Assigned task.
Pictures aside, write out every record exactly as it appears.

Working data.
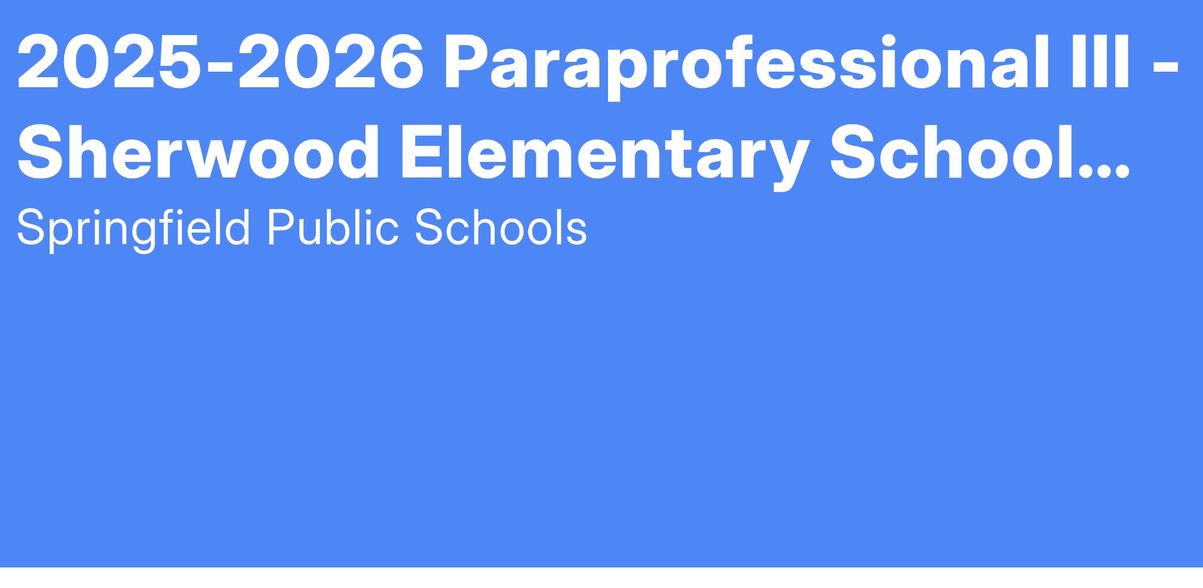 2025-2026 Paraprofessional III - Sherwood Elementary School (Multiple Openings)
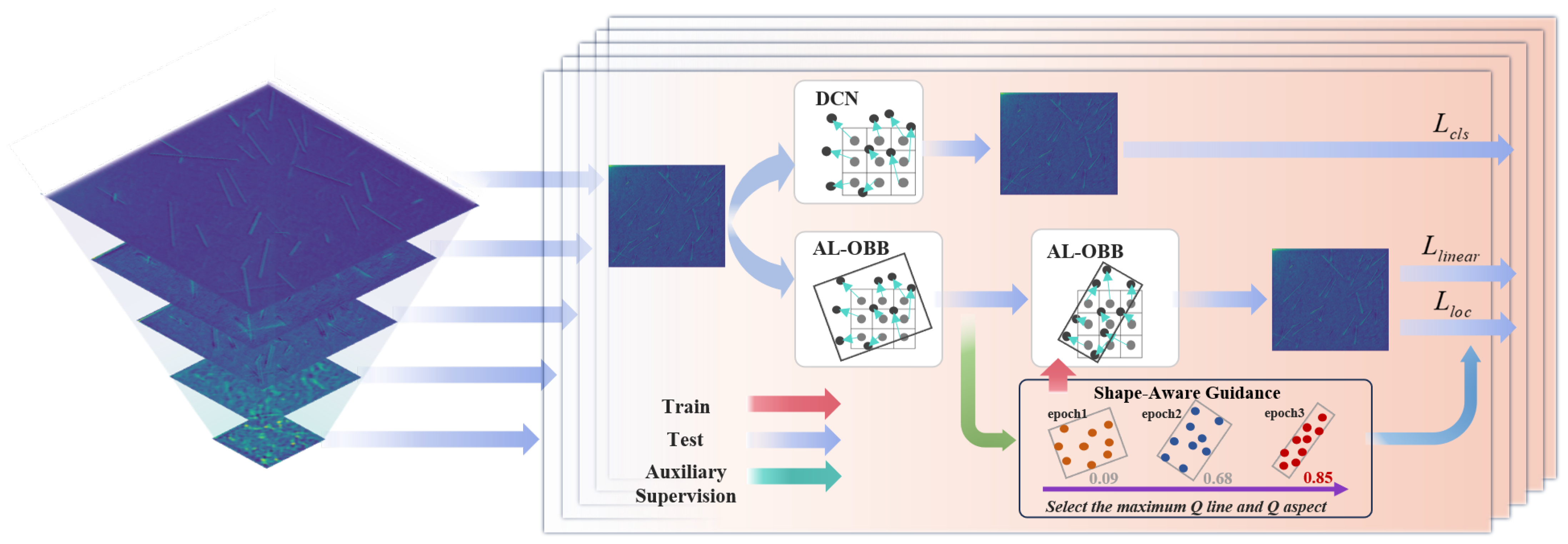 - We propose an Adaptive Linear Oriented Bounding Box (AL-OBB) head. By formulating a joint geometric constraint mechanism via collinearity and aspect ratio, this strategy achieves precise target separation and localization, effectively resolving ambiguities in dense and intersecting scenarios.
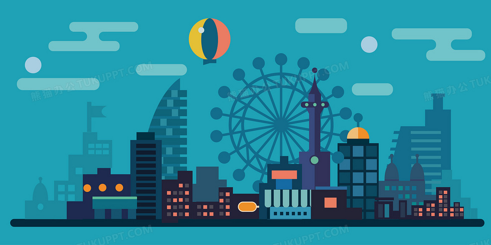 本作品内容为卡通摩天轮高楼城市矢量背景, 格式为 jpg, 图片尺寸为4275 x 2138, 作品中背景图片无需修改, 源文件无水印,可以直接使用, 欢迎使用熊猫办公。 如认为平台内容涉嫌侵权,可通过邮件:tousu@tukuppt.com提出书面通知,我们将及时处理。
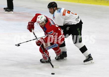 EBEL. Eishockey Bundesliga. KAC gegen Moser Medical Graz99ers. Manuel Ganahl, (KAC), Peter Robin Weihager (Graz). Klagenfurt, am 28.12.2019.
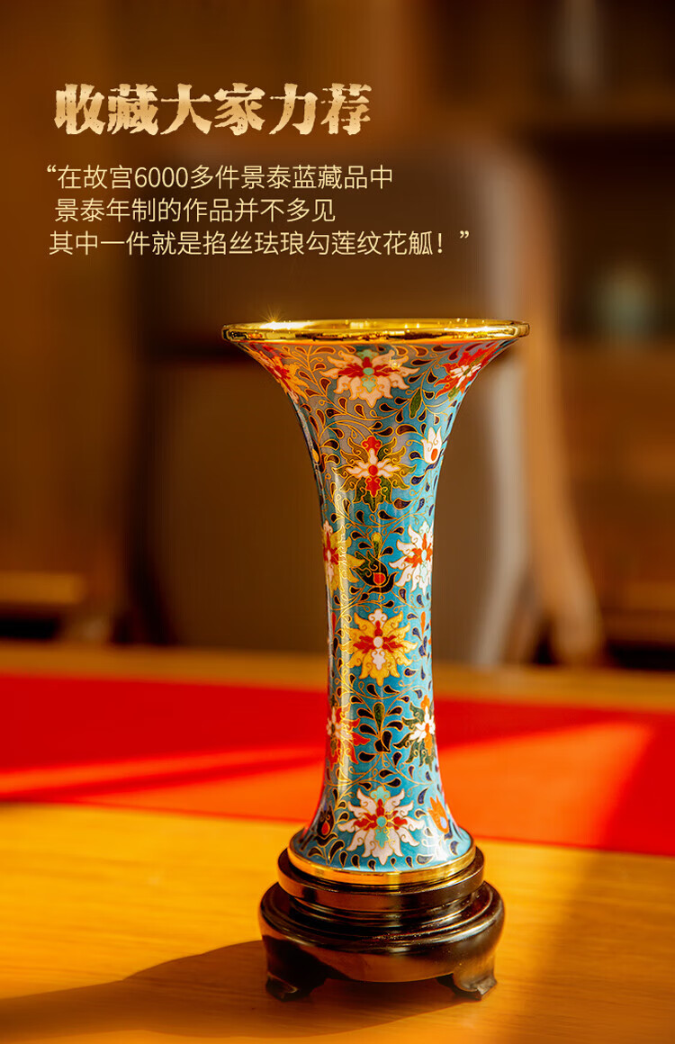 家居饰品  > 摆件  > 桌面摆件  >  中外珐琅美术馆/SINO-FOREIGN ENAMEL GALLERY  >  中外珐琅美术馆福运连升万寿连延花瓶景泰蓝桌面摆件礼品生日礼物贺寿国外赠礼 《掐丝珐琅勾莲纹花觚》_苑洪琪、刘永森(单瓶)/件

Solution to the exercise.
 2025-2026 Paraprofessional III - Sherwood Elementary School (Multiple Openings)
 - We propose an Adaptive Linear Oriented Bounding Box (AL-OBB) head. By formulating a joint geometric constraint mechanism via collinearity and aspect ratio, this strategy achieves precise target separation and localization, effectively resolving ambiguities in dense and intersecting scenarios.
 本作品内容为卡通摩天轮高楼城市矢量背景, 格式为 jpg, 图片尺寸为4275 x 2138, 作品中背景图片无需修改, 源文件无水印,可以直接使用, 欢迎使用熊猫办公。 如认为平台内容涉嫌侵权,可通过邮件:tousu@tukuppt.com提出书面通知,我们将及时处理。
 EBEL. Eishockey Bundesliga. KAC gegen Moser Medical Graz99ers. Manuel Ganahl, (KAC), Peter Robin Weihager (Graz). Klagenfurt, am 28.12.2019.
 家居饰品  > 摆件  > 桌面摆件  >  中外珐琅美术馆/SINO-FOREIGN ENAMEL GALLERY  >  中外珐琅美术馆福运连升万寿连延花瓶景泰蓝桌面摆件礼品生日礼物贺寿国外赠礼 《掐丝珐琅勾莲纹花觚》_苑洪琪、刘永森(单瓶)/件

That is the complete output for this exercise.